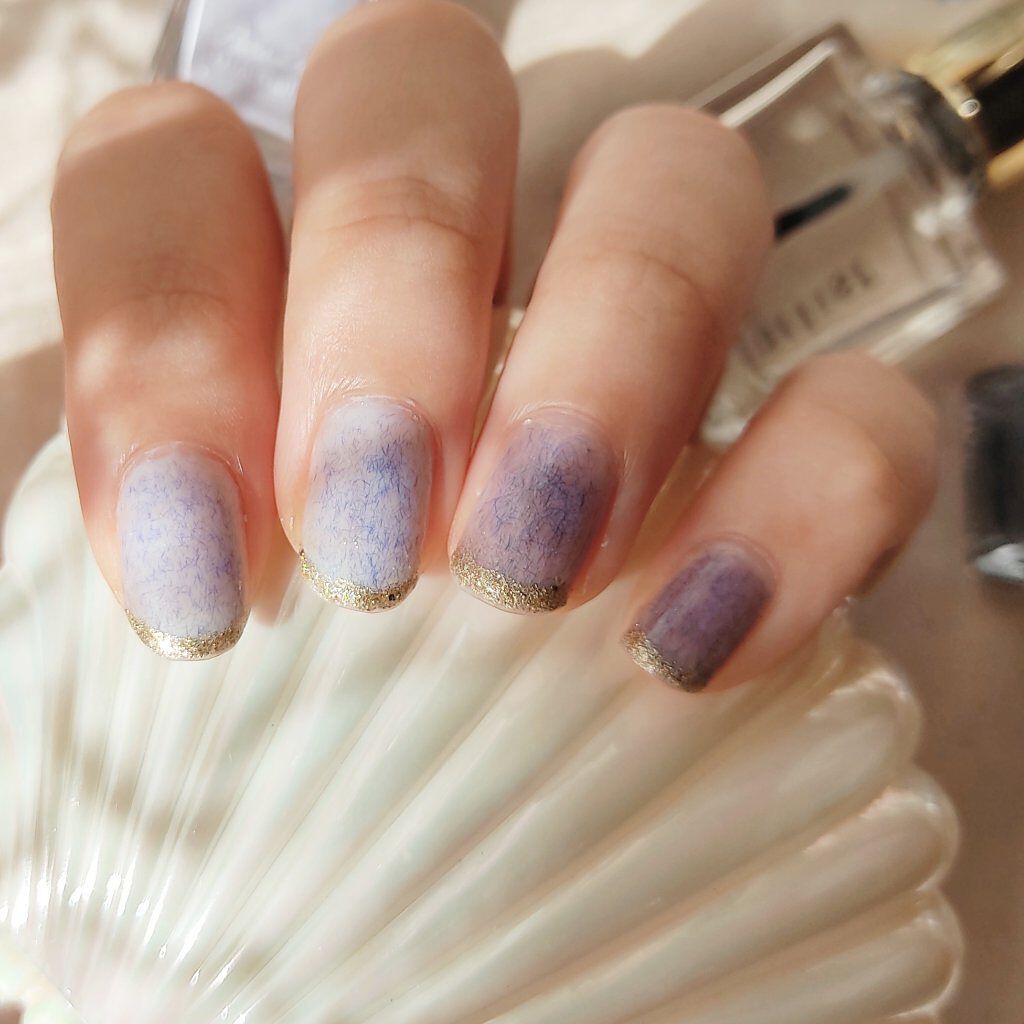 2色とも寒色系の繊維入りネイルポリッシュめっちゃかわいい。 35は透明感が強いのでベースに別の寒色系のカラーを使うのがおすすめです〜 39は暗めの青+紫がベースです。35に比べるとめっちゃ濃いベース! 最初のネイル画像ではParaDoの去年くらいの淡いくすみ水色に少しパールが入ってるカラーを使ってます。 指先のフレンチはネイルホリックのゴールドラメ。 筆が習字とかの細筆タイプになってます。 トップコートはネイリストのやつ!2~3度重ね塗りしてます💙
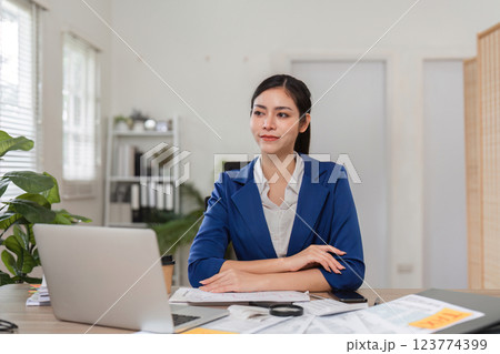 Business woman using tablet and laptop for doing math finance on an office desk, tax, report, accounting, statistics, and analytical research concept
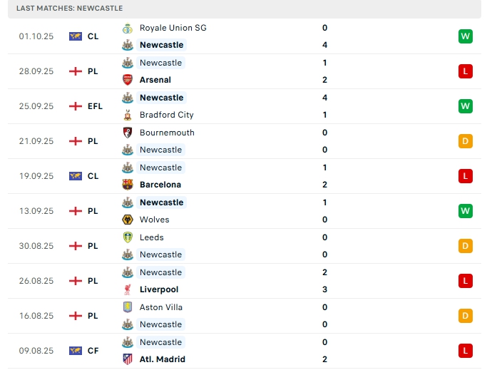 Newcastle đang có khởi đầu mùa giải không tốt, sau 6 trận đấu họ chỉ có 1 chiến thắng, 3 hòa cùng 2 thất bại, mang về 6 điểm và đang xếp vị trí thứ 15 trên BXH, dù vừa có chiến thắng ấn tượng trước Royale Union SG ở đấu trường C1, nhưng ở sân chơi quốc nội Newcastle đang để lại nhiều nổi lo, phong độ sân nhà thời gian qua của Chích chòe cũng không tốt, họ thắng 2 thua 3 ở 5 trận vừa qua.
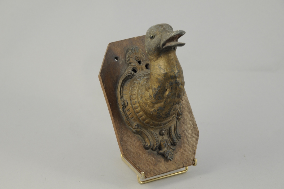 PATÈRE en bronze adoptant la forme d'une tête de canard sur un cartouche de style Louis XV. Le tout fixé sur un cartouche à pans coupés en bois naturel. XIXème. Long. 19,4, Larg. 11,2 cm.
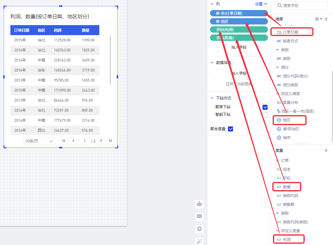 通常用于展示数据的详细信息或多个具有直接关系数值的场景下。以默认数据模型为例,展示各个年度、各地区的销售额、利润、数量,将涉及到4个字段: 维度“订单日期”、“地区”,度量“利润”、“数量”。
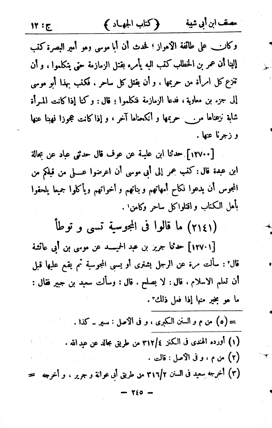 كتاب مصنف ابن أبي شيبة ط السلفية بالهند (اسم الجزء: 12)
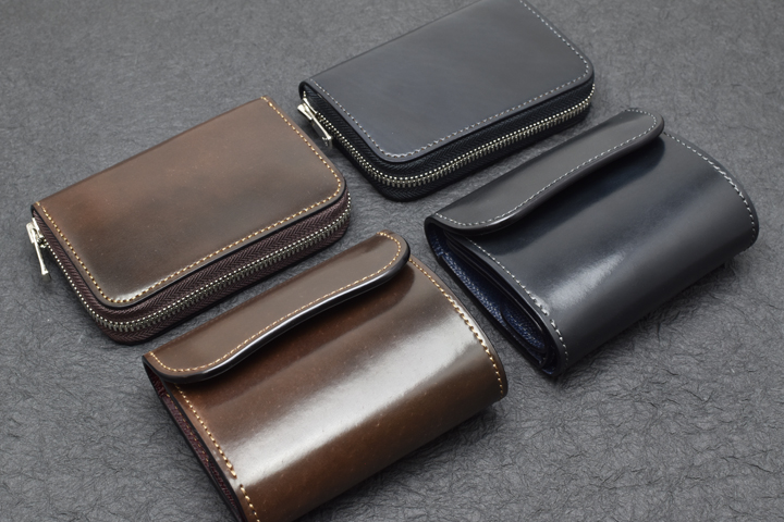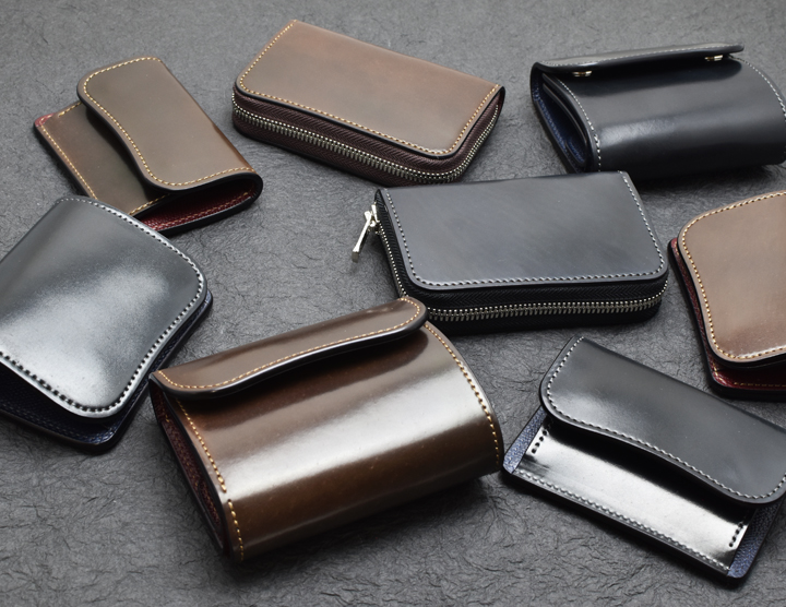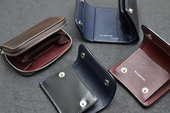 WILDSWANSの直営店限定アイテムとして、外装にシェルコードバン、内装には型押しを施したイングリッシュブライドルレザーを用いた革小物を発売致します。
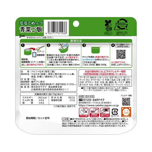●原材料名/うるち米(国産)、青菜ご飯の具(だいこん葉、食塩、砂糖)/調味料(アミノ酸)/調味料(アミノ酸等)、酸味料
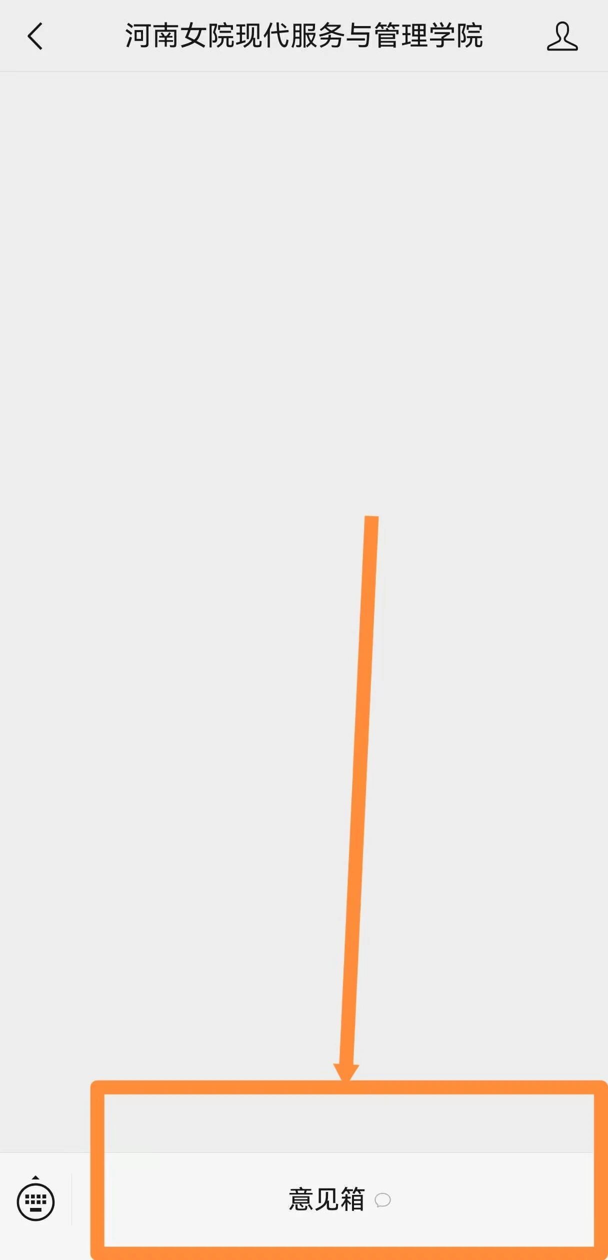 2.关注“河南女院现代服务与管理学院”公众号,进入公众号对话框,点击菜单栏【意见箱】,即可跳转至反馈页面;

----------

Only the pictures are to be left out, and all of the data must otherwise be transcribed exactly.

 2色とも寒色系の繊維入りネイルポリッシュめっちゃかわいい。 35は透明感が強いのでベースに別の寒色系のカラーを使うのがおすすめです〜 39は暗めの青+紫がベースです。35に比べるとめっちゃ濃いベース! 最初のネイル画像ではParaDoの去年くらいの淡いくすみ水色に少しパールが入ってるカラーを使ってます。 指先のフレンチはネイルホリックのゴールドラメ。 筆が習字とかの細筆タイプになってます。 トップコートはネイリストのやつ!2~3度重ね塗りしてます💙
 Business woman using tablet and laptop for doing math finance on an office desk, tax, report, accounting, statistics, and analytical research concept
 Newcastle đang có khởi đầu mùa giải không tốt, sau 6 trận đấu họ chỉ có 1 chiến thắng, 3 hòa cùng 2 thất bại, mang về 6 điểm và đang xếp vị trí thứ 15 trên BXH, dù vừa có chiến thắng ấn tượng trước Royale Union SG ở đấu trường C1, nhưng ở sân chơi quốc nội Newcastle đang để lại nhiều nổi lo, phong độ sân nhà thời gian qua của Chích chòe cũng không tốt, họ thắng 2 thua 3 ở 5 trận vừa qua.
 PATÈRE en bronze adoptant la forme d'une tête de canard sur un cartouche de style Louis XV. Le tout fixé sur un cartouche à pans coupés en bois naturel. XIXème. Long. 19,4, Larg. 11,2 cm.
 通常用于展示数据的详细信息或多个具有直接关系数值的场景下。以默认数据模型为例,展示各个年度、各地区的销售额、利润、数量,将涉及到4个字段: 维度“订单日期”、“地区”,度量“利润”、“数量”。
 كتاب مصنف ابن أبي شيبة ط السلفية بالهند (اسم الجزء: 12)
 WILDSWANSの直営店限定アイテムとして、外装にシェルコードバン、内装には型押しを施したイングリッシュブライドルレザーを用いた革小物を発売致します。
●原材料名/うるち米(国産)、青菜ご飯の具(だいこん葉、食塩、砂糖)/調味料(アミノ酸)/調味料(アミノ酸等)、酸味料
 2.关注“河南女院现代服务与管理学院”公众号,进入公众号对话框,点击菜单栏【意见箱】,即可跳转至反馈页面;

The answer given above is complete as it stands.